As part of a summer research project, you are collaborating with epidemiologists (infectious disease experts) at the CDC who want to model an infectious disease outbreak. The epidemiologists used sophisticated statistical modeling to predict how quickly one person would catch the disease from another. Specifically, the data set consists of a list of entries e.g. (Alice, Bob, 15) which indicates that if Alice was infected with the novel disease, then it would take Bob 15 days to become infected from Alice. However, the epidemiologists have a problem---Bob might get infected sooner if he catches the disease quickly from someone else who catches it from Alice! How can you find the shortest infection path from Alice to Bob?

This input can be modeled as a problem on a weighed directed graph, where vertices represent people, and a directed edge (u,v) with weight w represents that v can become infected directly from u in w days.

Write a program outbreak.cpp that takes a graph containing projected outbreak data, as well as a start person, and uses singleSourceShortestPath to compute and output the minimum time before each other person is infected.

See this example output.

Optional Extension: Social Distancing

One way to minimize the spread of a infectious disease is to practice social distancing. Extend your outbreak.cpp program to model the effects of social distancing.
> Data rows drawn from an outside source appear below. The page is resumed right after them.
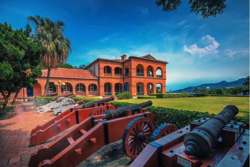 红毛城炮台城垣红毛城伫立在淡水街尾往淡海方向,高踞淡水河出海口的山巅,迄今已超过三个半世纪历史,是淡水最具历史意义的建筑,也是一级古迹。由西班牙驻军于明崇祯二年(公元1629年)所建,作为传教化民之地。后来荷兰人将西班牙人逐出淡水,重新修葺。当时台湾人都称荷兰人为红毛,故名红毛城。以后又被英国人和美国人占领。前后300多年的红毛城历史,是淡水最具历史文化意义的建筑,也是台湾多年来的沧桑缩影,现已列为台湾一级文物古迹。 红毛城古炮红毛城古迹区概指主楼、英领事馆及南城门等三处。主楼建筑呈正方形,长宽各50米,两层高10米,周围约7米,外壁有2米多厚,城内有1栋主楼、别墅及楼间的小宿舍;城外有4尊清朝嘉庆年间的旧式大炮。四周林木苍郁,庭园幽静。具有拱形回廊的英国领事馆就在旁边,外墙上仍可看见象征英国维多利亚时代的蔷薇饰砖,内部依旧时领事家居情形摆设,
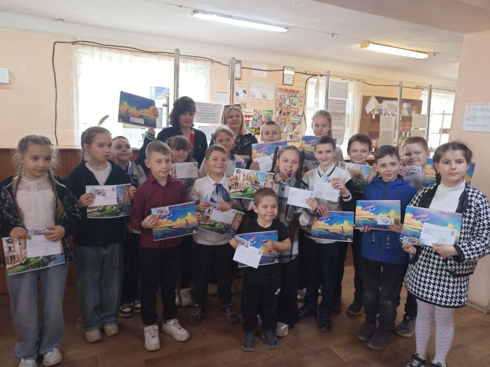Ребятам показали специальные юбилейные конверты, а также уникальные наборы открыток Муралы о защитниках Родины и Парк Горького, которые затем были переданы в школьный музей.
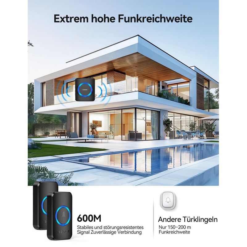 - 600 m / 1.968 ft wireless range: the powerful and stable wireless signal of the doorbell does not interfere with other devices in your home or your neighbours, so you do not miss a visitor, even if you are several rooms away or on another floor
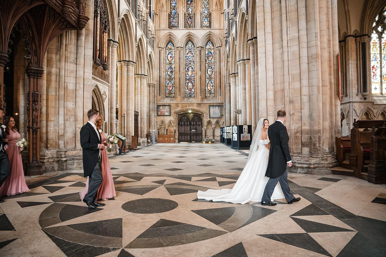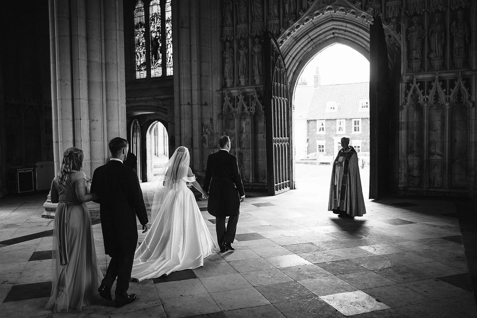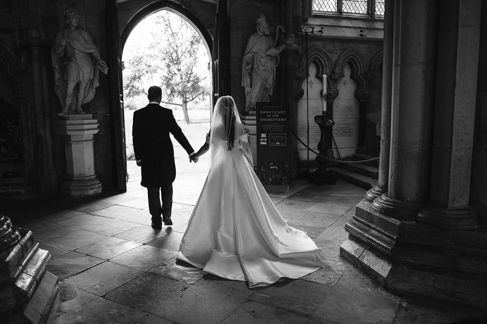 Before heading to Rise Hall, we took a short walk back through the Minster with the couple. Just a few minutes of breathing space, a chance for it all to sink in and a few portraits in a place that had already become part of their story.
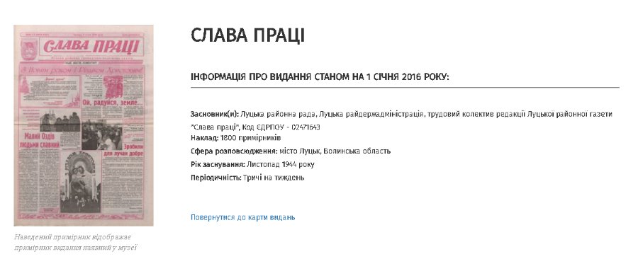 Поки цей процес триває, кожен в режимі онлайн може ознайомитися з індивідуальною карткою видання на сайті, дізнатися про його засновників, сферу розповсюдження, стан реформування та навіть погортати і завантажити відсканований примірник.
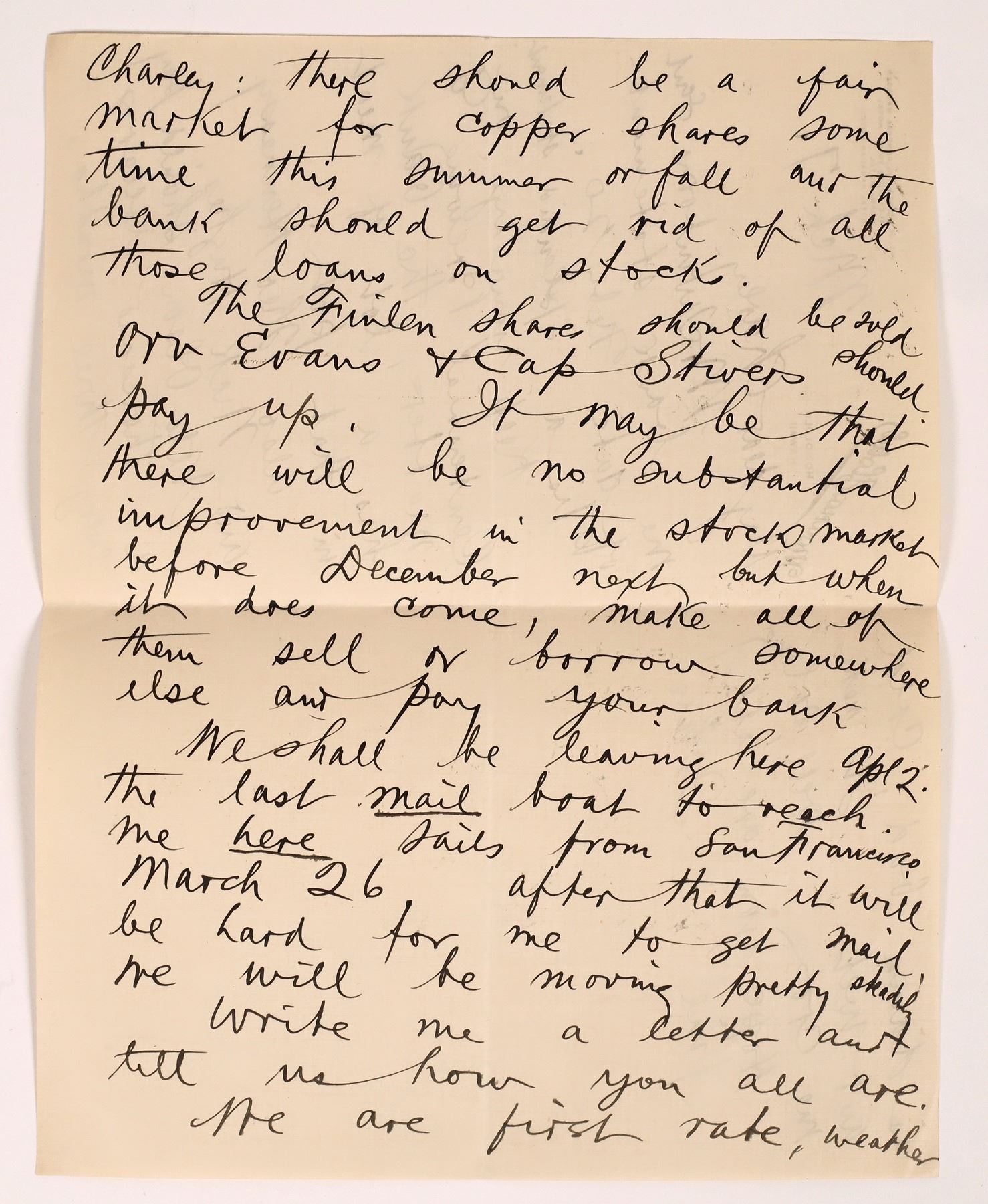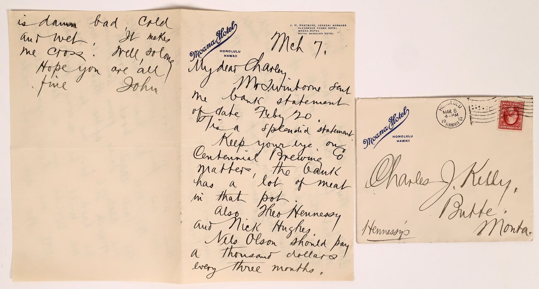 Handwritten letter on stationary from the Moana Hotel, Honolulu, Hawaii postmarked March 6, 1912. Addressed to Charles J. Kelly, Butte, Montana. Kelly by 1911 was vice president of Anaconda Copper, a successful lawyer and politician. The Hennessy Company was a mercantile business in Butte, Montana, that operated in conjunction with the Anaconda Copper Mining Company. Branch stores were later established around the state. Contents of the letter are entertaining: "Keep your eye on Centennial Brewing Co. matters, the bank has a lot of meat in that pot." Signed John, he is cross at the "damn bad, cold and wet," weather in Honolulu.
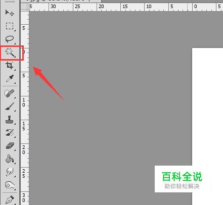 首先我们使用ps将我们的图片打开,然后在工具箱内找到魔术棒工具,如图所示:
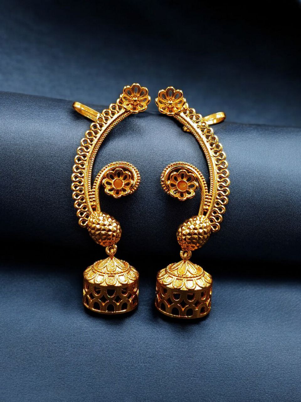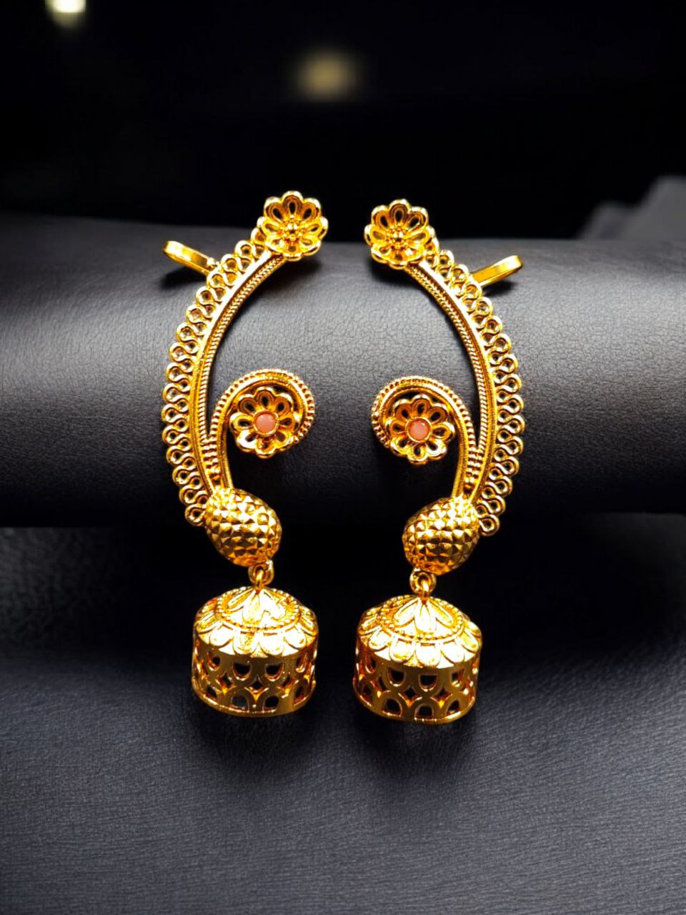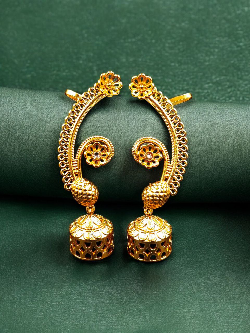 This gold plated flower design jhumka earcuff pairs beautifully with sarees, lehengas, anarkalis, suits, and Indo-western outfits. Whether worn for weddings, festivals, poojas, cultural functions, or special celebrations, it instantly enhances your look with traditional elegance and statement appeal.
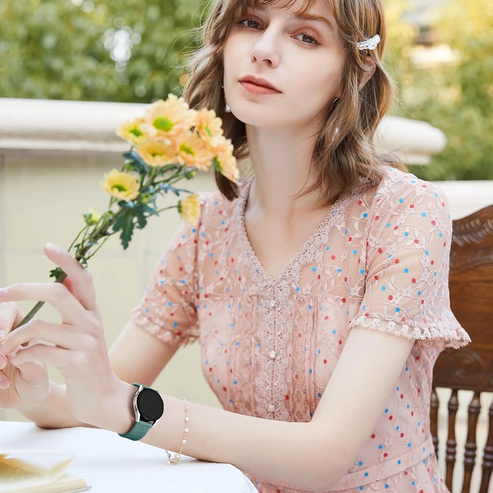 【ألوان متعددة وحجم واحد】السوار المنقوش بالزهور هو الإكسسوار المثالي لرفع مستوى مظهرك. تتميز ساعة Galaxy Watch 5 الأنيقة ذات النقش الزهري بمجموعة متنوعة من الألوان للاختيار منها، وهي أفضل هدية للنساء والفتيات والأصدقاء والعائلة في عيد الشكر، وعيد الأم، وعيد الميلاد، وعيد الميلاد، وعيد الحب. يأتي السوار بمقاس واحد، يناسب المعصم مقاس 5.5 بوصة - 7.6 بوصة (140 مم - 195 مم)، يمكنك ضبط الإبزيم المعدني والثقوب لتناسب مقاس معصمك
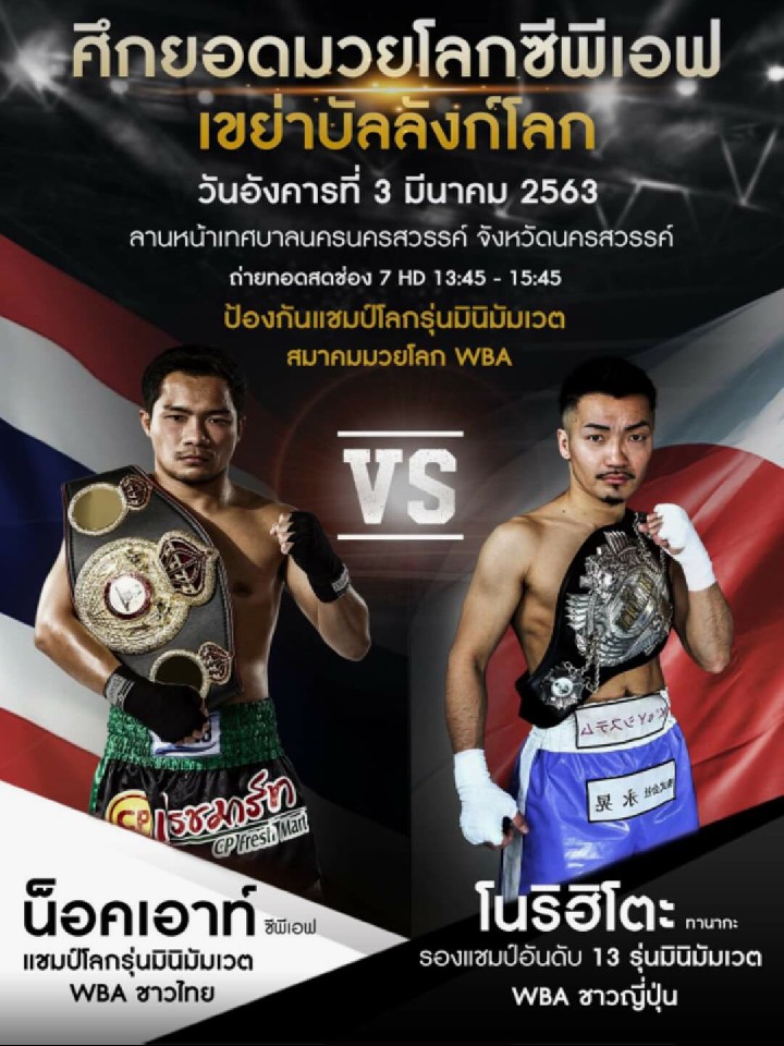 注目:前日本王者の田中が完全アウェーのタイで世界初挑戦する。チャンピオンのノックアウトは20戦全勝(7KO)のオーソドックススタイルでこれまで11度の防衛に成功している安定王者だ。堅実な試合運びを得意としておりディフェンス力に長けていてペースを崩しにくい。さらに3月のタイは日中は30度超えで屋外のリングで戦う田中にとって過酷な条件での挑戦となる。一撃のパンチ力で上回る田中としては、前半に仕掛けておきたい。日本人選手のタイでの世界戦の戦績は24敗1分(公式試合)とまさに鬼門。田中が勝てば歴史的勝利となる。
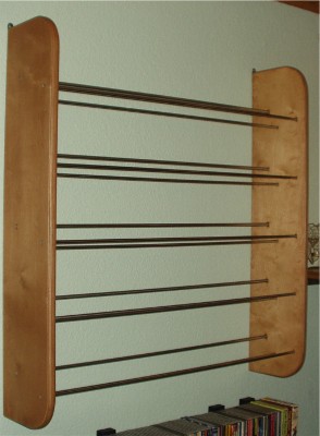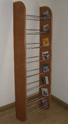 Es besteht aus zwei ca. 30 mm dicken Birken - Multiplex Seiten, zwischen denen pro Fach drei 12 mm dicke, geschliffene Edelstahlstangen angebracht sind. Die seitlichen Platten werden gephast, mehrfach gewachst und poliert. Bei dem abgebildeten Regal wurden die Seiten in Kirsche gewachst. ![]() Das Regal ist zur Wandmontage bestimmt und wird mit zwei Schrauben montiert. Zurück zu "Regale" |
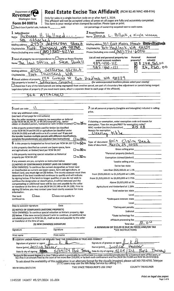 | 2 | 03/23/2024 | QCD | Quit Claim Deed | | DONNA L POLLOCK | | | | 142657 | |
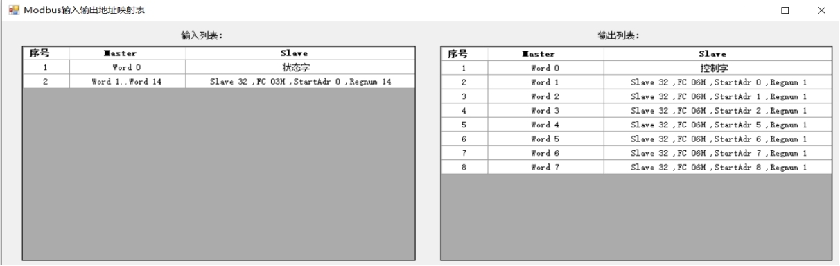 双击“Modbus Master”,然后点击“地址映射表”,查看所有地址寄存器。这里除了从站的寄存器之外,还有一个状态字和控制字,因此,输入有14个字,输出有8个字。如下图所示:
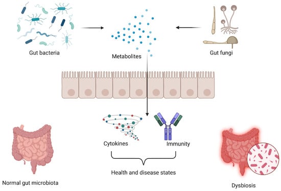 A balanced microbial environment and dysbiosis influence the interactions between bacteria and fungi within the gut microbiota. Under normal conditions, these microorganisms engage in cooperative relationships that support gut health. However, in dysbiosis, their interactions can become antagonistic, potentially disrupting immune regulation and contributing to disease development and progression. Created with Biorender.com (accessed on 16 February 2025).
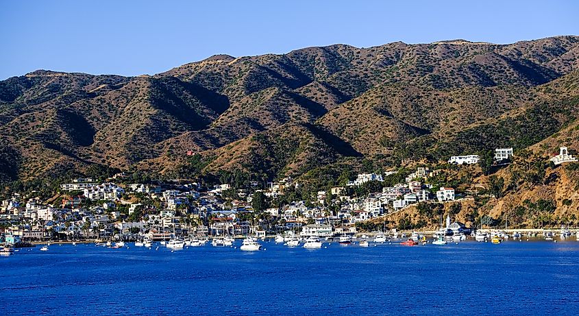 Avalon é uma comunidade turística com orla marítima dominada por empresas voltadas para o turismo na Ilha de Santa Catalina. Crédito editorial: Darryl Brooks/Shutterstock.com
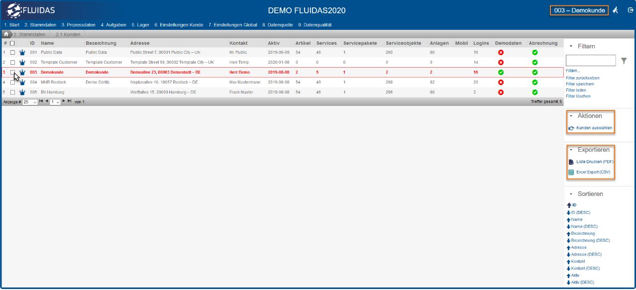 Zur Auswahl eines Kunden markiert man zuerst die Checkbox der Zeile des Kunden und wählt anschließend unter Aktionen “Kunden auswählen”. Der ausgewählte Kunde wird anschließend rot umrandet markiert und ist oben rechts in der Webansicht sichtbar. Über “Exportieren” lässt sich die Übersicht als PDF oder CSV-Datei herunterladen.
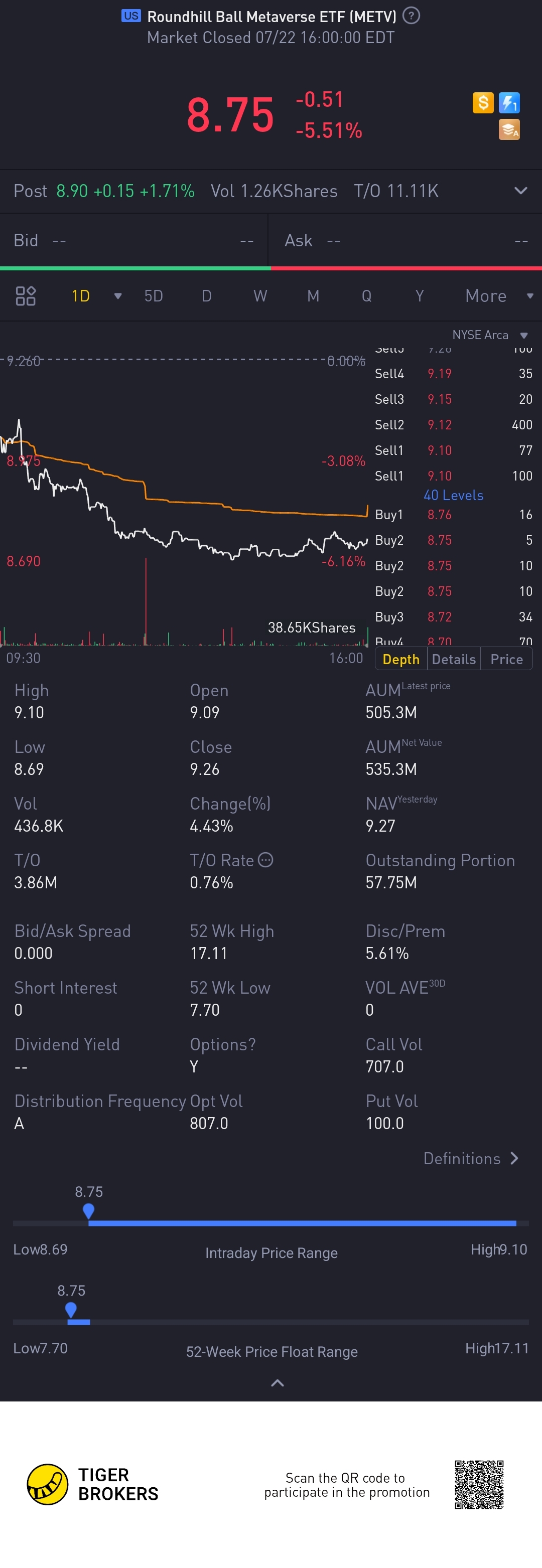 $Roundhill Ball Metaverse ETF(METV)$8.50 n below is a good entry point unless metaverse flop
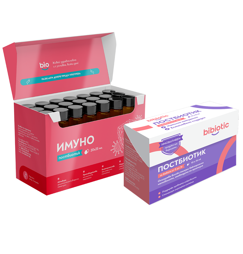 Пакетът Bibiotic® Бебе + Bibiotic® Имуно обединява два постбиотика с допълващо действие – за изграждане на здравословен чревен микробиом при бебета и за модулиране и подсилване на имунната система при по-големи деца и възрастни.
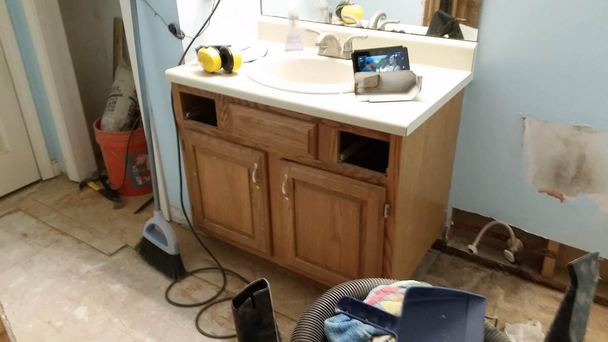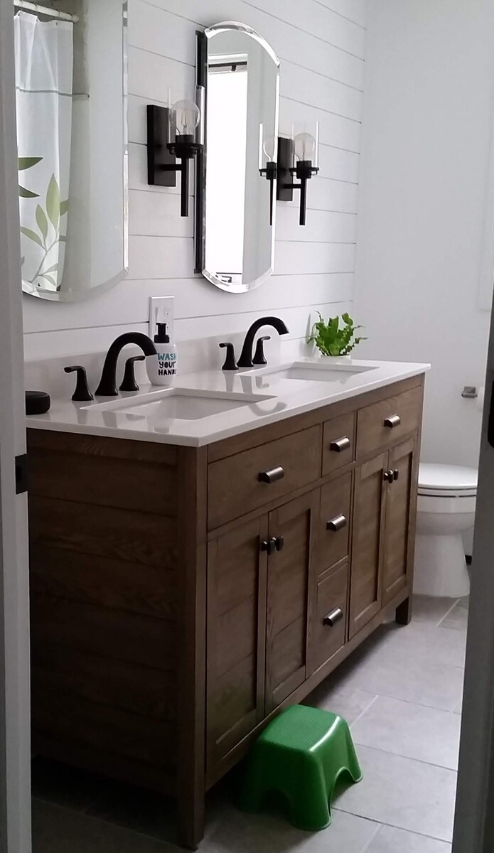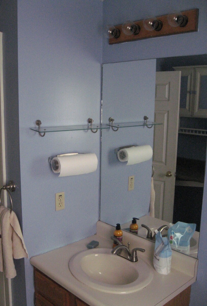 The storage closest was removed and storage relocated to two medicine cabinet mirrors and vanity storage. This allows for a double vanity to be installed, so all 6 kids to brush their teeth at once.

One way to do this is to take each vertex in the graph and remove 50% of its edges. How does that effect the infection time? What if you only removed 10% of the edges? What if you removed 90% of the edges?

You might want to use randomness to select which edges get removed. C++ has a library called random to handle random number generation. To include this library, add #include <random. See this page for information about the random library

Implementation Strategy

This lab involves writing a moderate amount of code. Much of it is modular, allowing you to work on and test small pieces of the assignment at a time. Completing this lab assignment will be much easier if you practice incremental development.

Below is a strategy which should organize your efforts; you are not required to proceed in this order, but it might help.

  1. Begin by reading the graph ADT (adts/graph.h) and understanding the DirectedGraph and Undirected Graph classes. Also read graphAlgorithms.h to make sure you understand what is expected of your graph algorithms.

  2. Run make and ./tests. Note that many unit tests will fail.

  3. Implement reachableDFS and run unit tests again. Expect to have many failed unit tests, but fewer than before.

  4. Implement and test shortestLengthPathBFS. At this point, you should only fail unit tests because you haven’t implemented singleSourceShortestPath.

  5. Implement and test the applications reachable.cpp and communication.cpp.

  6. Implement and test the singleSourceShortestPath algorithm. We’ll see pseudocode for this algorithm in lecture on Tuesday, so it’s productive to implement this later.

  7. Finally, implement and test outbreak.cpp.

Once you are finished, you should be able to compile and run the three graph applications. For your convenience, a few test graphs have been provided in the test_data directory.

Memory

For this lab, your program is required to run without memory errors or leaks. You should use valgrind as you proceed in your testing to track memory errors. When you have a complete first draft of your implementation:

  • Commit and push what you have (in case something goes wrong).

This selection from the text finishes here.